From mboxrd@z Thu Jan  1 00:00:00 1970
Return-Path: <linux-btrfs-owner@vger.kernel.org>
Received: from userp1040.oracle.com ([156.151.31.81]:22364 "EHLO
	userp1040.oracle.com" rhost-flags-OK-OK-OK-OK) by vger.kernel.org
	with ESMTP id S1758038AbaGOKsE (ORCPT
	<rfc822;linux-btrfs@vger.kernel.org>);
	Tue, 15 Jul 2014 06:48:04 -0400
Date: Tue, 15 Jul 2014 18:47:52 +0800
From: Liu Bo <bo.li.liu@oracle.com>
To: Miao Xie <miaox@cn.fujitsu.com>
Cc: linux-btrfs <linux-btrfs@vger.kernel.org>
Subject: Re: [PATCH] Btrfs: fix abnormal long waiting in fsync
Message-ID: <20140715104751.GB26977@localhost.localdomain>
Reply-To: bo.li.liu@oracle.com
References: <1405416674-17208-1-git-send-email-bo.li.liu@oracle.com>
 <53C500D2.3060801@cn.fujitsu.com>
MIME-Version: 1.0
Content-Type: text/plain; charset=us-ascii
In-Reply-To: <53C500D2.3060801@cn.fujitsu.com>
Sender: linux-btrfs-owner@vger.kernel.org
List-ID: <linux-btrfs.vger.kernel.org>

On Tue, Jul 15, 2014 at 06:22:10PM +0800, Miao Xie wrote:
> On Tue, 15 Jul 2014 17:31:14 +0800, Liu Bo wrote:
> > xfstests generic/127 detected this problem.
> > 
> > With commit 7fc34a62ca4434a79c68e23e70ed26111b7a4cf8, now fsync will only flush
> > data within the passed range.  This is the cause of the above problem,
> > -- btrfs's fsync has a stage called 'sync log' which will wait for all the
> > ordered extents it've recorded to finish.
> > 
> > In xfstests/generic/127, with mixed operations such as truncate, fallocate,
> > punch hole, and mapwrite, we get some pre-allocated extents, and mapwrite will
> > mmap, and then msync.  And I find that msync will wait for quite a long time
> > (about 20s in my case), thanks to ftrace, it turns out that the previous
> > fallocate calls 'btrfs_wait_ordered_range()' to flush dirty pages, but as the
> > range of dirty pages may be larger than 'btrfs_wait_ordered_range()' wants,
> 
> btrfs_sync_file also calls 'btrfs_wait_ordered_range()' and introduces the same
> problem.

Yeah, looks that it will.

> 
> > there can be some ordered extents created but not getting corresponding pages
> > flushed, then they're left in memory until we fsync which runs into the
> > stage 'sync log', and fsync will just wait for the system writeback thread
> > to flush those pages and get ordered extents finished, so the latency is
> > inevitable.
> > 
> > This adds a non-blocked flush, filemap_flush(), in btrfs_sync_file() to fix
> > that.
> 
> I think this fix is not so good, because it will flush the pages that is not
> relative to the current sync.
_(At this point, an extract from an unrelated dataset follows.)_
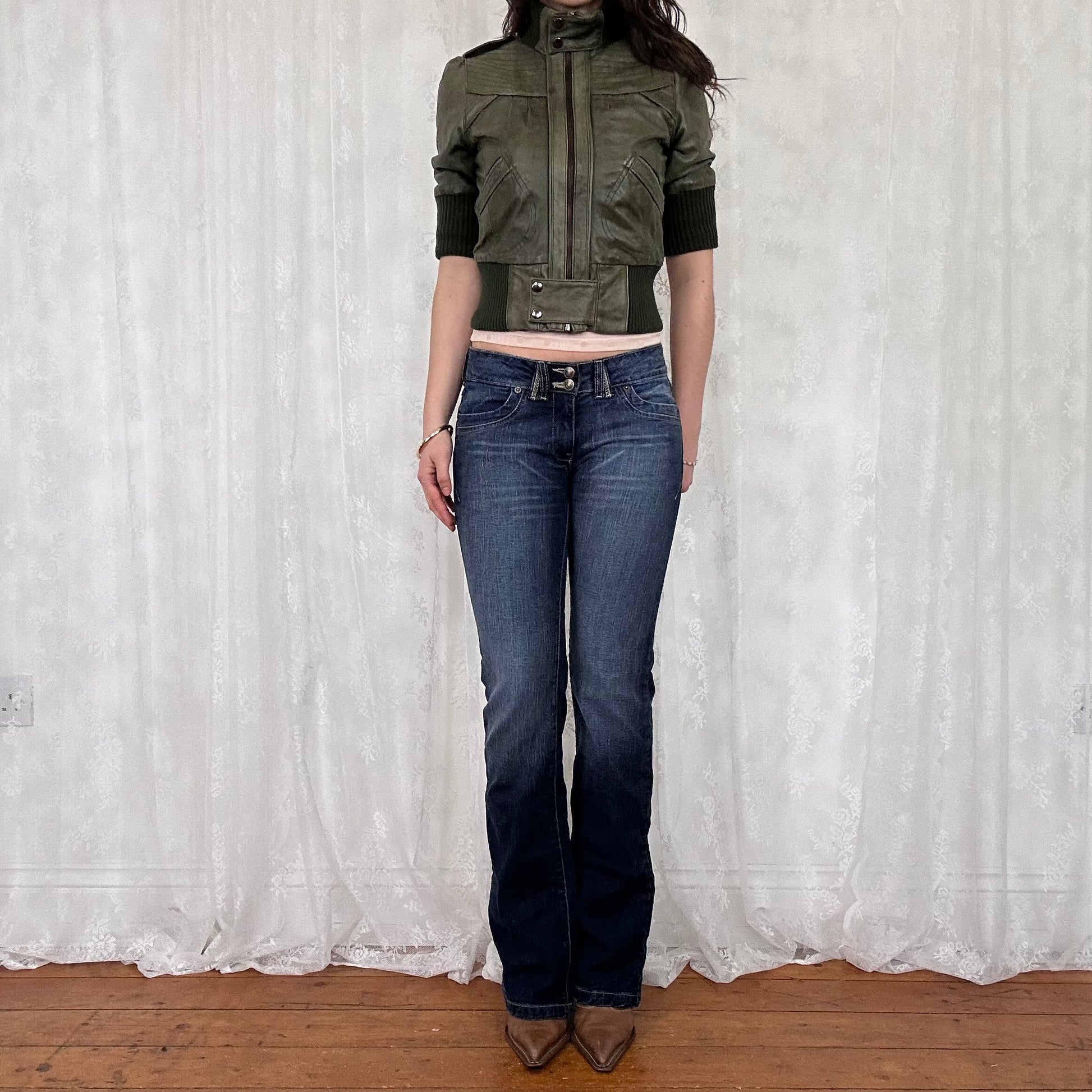 vintage 00s short sleeve fitted leather jacket

I think the key reason is btrfs_wait_logged_extents(),
> that just wait the ordered extents, not flush the relative dirty pages.
> 
> So the more reasonable fix is to use btrfs_start_ordered_extent() instead of
> wait_event in btrfs_wait_logged_extents().
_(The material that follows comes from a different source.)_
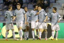 Giovani (d) celebra con sus compañeros su primer gol a la Real Sociedad. | EFE

It should work, the only difference is that here we wait for
BTRFS_ORDERED_IO_DONE instead of COMPLETE.  Will give a shot.

thanks,
-liubo

> 
> (This above is just my analysis)
> 
> Thanks
> Miao
> 
> > 
> > Signed-off-by: Liu Bo <bo.li.liu@oracle.com>
> > ---
> >  fs/btrfs/file.c | 2 ++
> >  1 file changed, 2 insertions(+)
> > 
> > diff --git a/fs/btrfs/file.c b/fs/btrfs/file.c
> > index 1f2b99c..1af395d 100644
> > --- a/fs/btrfs/file.c
> > +++ b/fs/btrfs/file.c
> > @@ -2002,6 +2002,8 @@ int btrfs_sync_file(struct file *file, loff_t start, loff_t end, int datasync)
> >  
> >  	if (ret != BTRFS_NO_LOG_SYNC) {
> >  		if (!ret) {
> > +			filemap_flush(inode->i_mapping);
> > +
> >  			ret = btrfs_sync_log(trans, root, &ctx);
> >  			if (!ret) {
> >  				ret = btrfs_end_transaction(trans, root);
> > 
>